La mattina ritorno su, oggi a esplorare le varie "Cascate della Cucina" dove troviamo una bella colata e un'ostica fessura di misto!




Per fortuna questa sera riesco a rimanere e mi godo l'ospitalità del Rampik... mi sveglio quindi già in Valle, che bello! Decidiamo che è il giorno di andare a visitare Hollywood!
La tensione nell'aria viene rotta dall'Andrea che ci dona calma e sicurezza. Ghiaccio facile poi zolle d'erba incrostate più ripide portano alla facile ma bellissima rampa che dà accesso al... vuoto!

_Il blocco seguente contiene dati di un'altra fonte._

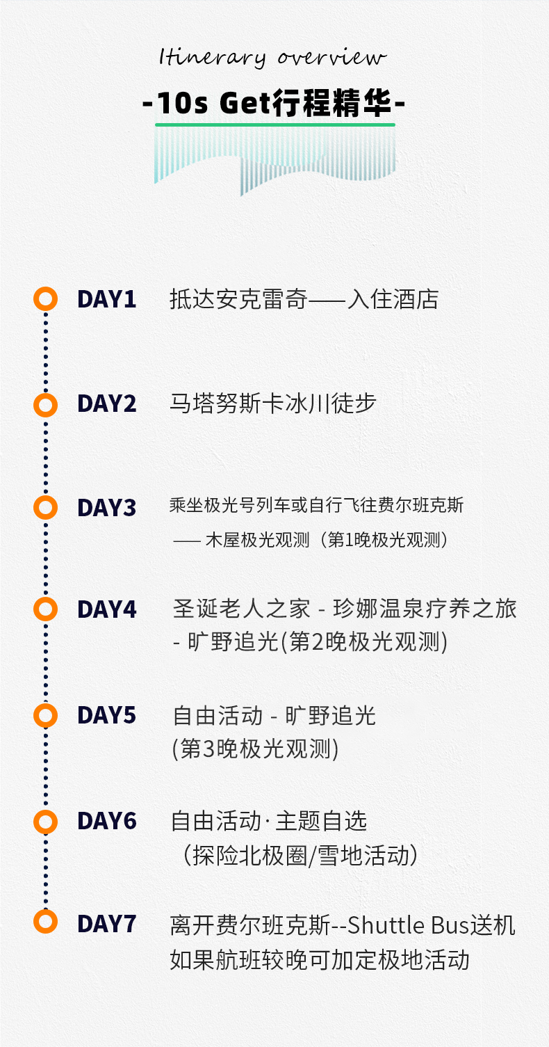 *如航班抵达时间较晚,无法赶上第1晚追极光,无退款无补偿,请预订合适的航班。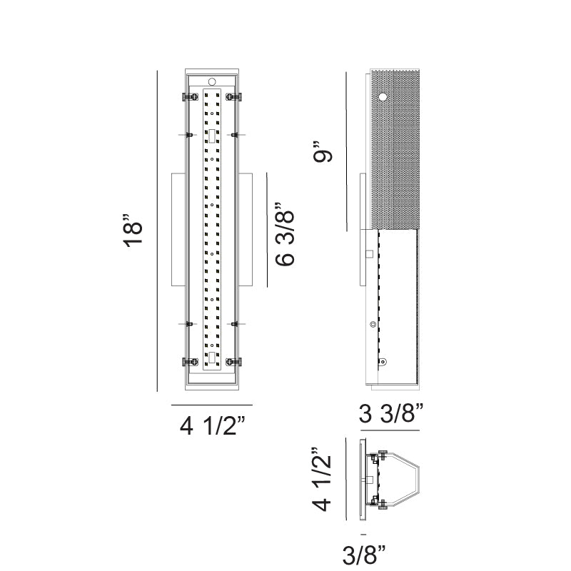 - Size 4 1/2"W x 18"H x 3 3/8"E

Pietro inizia a prendere confidenza con la fessura poi decidiamo di scendere e tornare il giorno dopo, ci serve altro materiale e io devo essere alle sette a Milano per consegnare le pizze!


Hollywood (da finire)





 



La mattina ancora una volta viaggio verso la Valle, oggi siamo solo io e Pietro, il Rampik è impegnato ma ci scatterà una bella foto da sotto.
Dopo alcuni caffè e il "ritiro staffe" a casa del Dani, siamo pronti. Velocemente scaliamo il muro d'erba e la rampa poi Pietro riparte per la fessura... la progressione è in artificiale con "passi da bestemmia", ci sono tre spit perchè il tiro è liberabile, duro ma si salirà... 
Ora mi spetta una bastarda placca senza ghiaccio, la fessurina che speravamo di chiodare è cieca quindi dopo alcune acrobazie metto uno spit e torno in sosta. Anche in questo caso il tiro si scala con picche e ramponi ma serve qualche spit in più, non ne abbiamo abbastanza e con l'amaro in bocca scendiamo.
La linea di Hollywood secondo me è davvero spaziale, non vedo l'ora di tornare a finire l'opera e un giorno, chissà, liberarla!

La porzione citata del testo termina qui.